Limited Civil Protections under Current Laws
To date, there is little civil recourse if someone misuses another person's biometric information or does not adequately protect it, unless that company runs afoul of the Illinois statute or acts in some other tortious way. And even the BIPA has its limitations.
An early interpretation of the BIPA did not require a showing of actual damages. In Norberg v. Shutterfly, Inc., the defendants operated websites that offered facial recognition capabilities, making it possible to identify and categorize photos based on the people within them. The plaintiff alleged that the defendants were using his personal face pattern to recognize and identify him in photographs posted to websites, that he has never been a user of websites, and that he did not consent to have his biometric identifiers used by anyone. The court found that the plaintiff had plausibly stated a claim for relief under the BIPA and that he had stated a plausible claim for statutory damages without any discussion of actual damages.
In McCollough v. Smarte Carte, Inc., proposed class members had used Smarte Carte's rental lockers in Illinois, which renters could open by pressing a fingertip to a touchscreen. They sought damages, injunctive relief, and unjust enrichment, claiming that Smarte Carte failed to obtain advanced consent before saving fingerprint data. Although the court noted that saving fingerprint data without consent is a "technical violation" of the BIPA, it held that the plaintiffs failed to allege actual harm. Retention, without a disclosure, was not an injury, and therefore the plaintiffs lacked Article III standing.
The U.S. District Court for the Southern District of New York agreed with this analysis in Vigil v. Take-Two Interactive Software, Inc. The putative class members claimed that Take-Two had violated the BIPA by collecting biometric data for use in its video games NBA 2K15 and NBA 2K16. These Illinois residents had used a game feature called MyPlayer to scan their faces and create personalized virtual basketball players. Take-Two had not disseminated their faces or used them for any purpose outside of the game.
Although the Vigils agreed to the MyPlayer terms and conditions, they contended that Take-Two had not adequately informed them about how their facial data would be stored and transmitted and that their biometric data was not adequately protected. Moreover, Take-Two had not provided a retention schedule or instructions on how to delete the saved facial data permanently. As in McCollough, the Vigil court viewed these claims as technical violations of the BIPA but found no actual harm. While inadequate safeguarding enhances the potential for harm, abstract and speculative injuries would not support Article III standing.
Since those cases, the U.S. District Court for the Northern District of Illinois expressed doubt regarding a BIPA actual harm requirement. In Monroy v. Shutterfly, Inc., Monroy claimed that a Shutterfly user had uploaded his photo to the website. In turn, Shutterfly automatically located his face, analyzed its geometric contours, and stored this facial map in its database. Monroy was not a Shutterfly user.

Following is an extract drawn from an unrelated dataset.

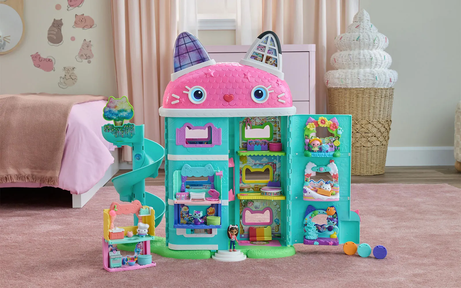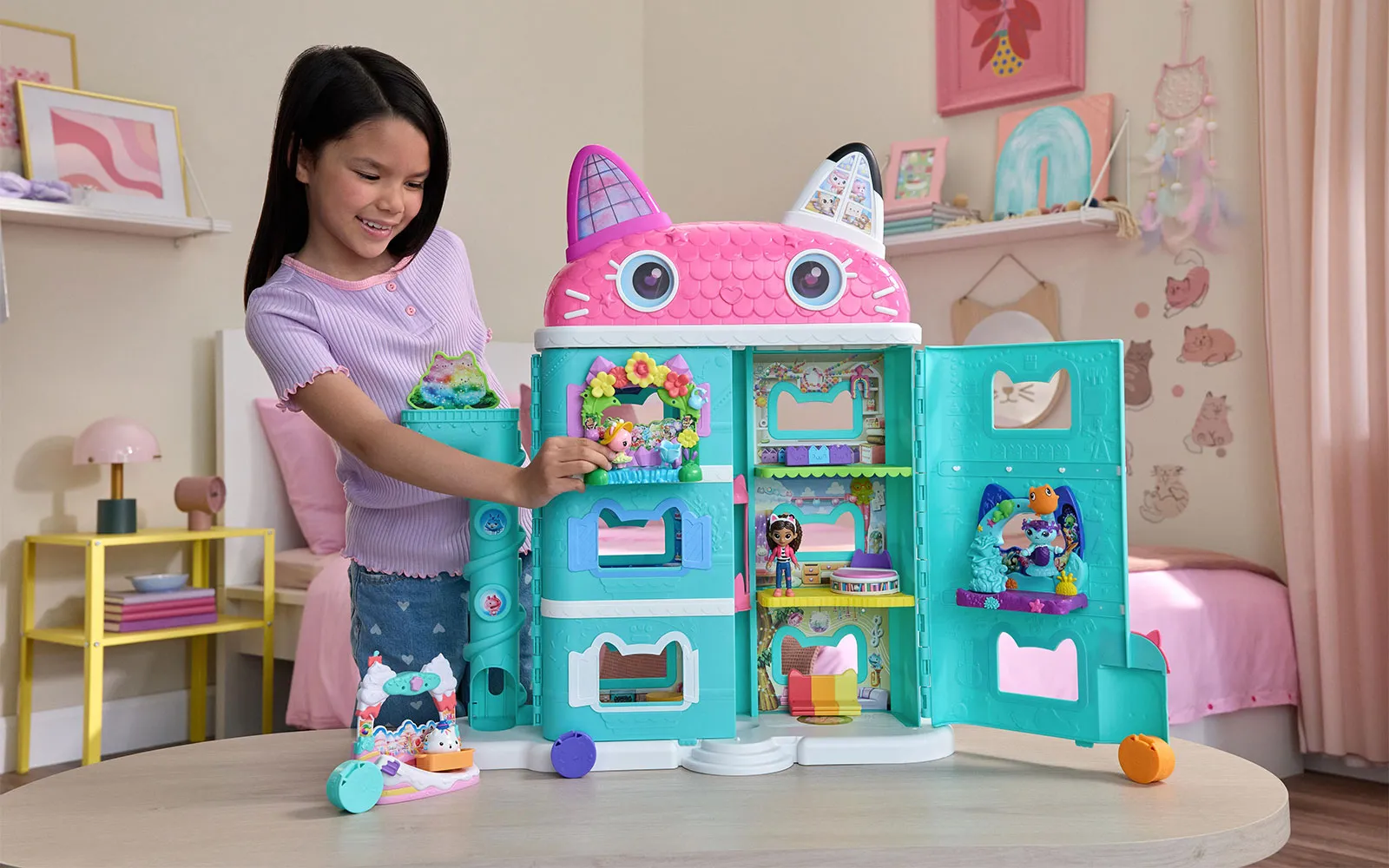 Vstopite v čudovit svet risanke Gabby’s dollhouse in odkrijte ljubke mačke in barvite čarovnije!Pridružite se mačji navdušenki Gabi in njeni pomočnici Pandošap v svetu zabavne igre!Tu so Gabi, Pandošap, Pandi, Vila mucka, Mucon, Škateljca, Tortek, Morska mucka, Avtjuša, Dremucka, Dj Mijav, Artur, Peter, Puhica Puhek, Flori, Škatolina, Bučko, Cukerc, Pekica, Kosmiček, Tortina, Papiga Pika, Cofka, Dj Komet, Lili-LU in Upsi, ki te čakajo, da se jim pridružiš na zabavnih dogodivščinah.Originalna imena likov v Gabby’s dollhouse so Gabby, Pandy Paws, Pandy, Kitty Fairy, Catrat, Baby Box, Cakey, MerCat, Carlita, Pillow Cat, Dj Catnip, Arthur, Pete, Fluffy Flufferton, Floyd, Mama Box, Pumpkin, Flakey, Bakey, Marshapan, PaddyCake, Parrot, Eggy, Dj Comet, Luli-Loo in Whoopsie.

Shutterfly moved to dismiss the complaint, arguing that Monroy had failed to plead actual damages. The court observed that the question "is a close one," but declined to require a showing of actual damages. After a close textual analysis and comparisons to other privacy acts, it agreed with Monroy that a claim of liquidated damages is sufficient under the BIPA.
Facial recognition technology will continue to be researched and developed for a host of uses—some we have thought of, some we have not. There are few statutes protecting against the misuse of this information or prohibiting the unauthorized use of an average person's biometric data. While the law is moving with this technology, it is moving at a much slower pace. Crafty litigators will need to stay on top of this developing technology for the best chance of protecting the unauthorized use of their client's biometric information.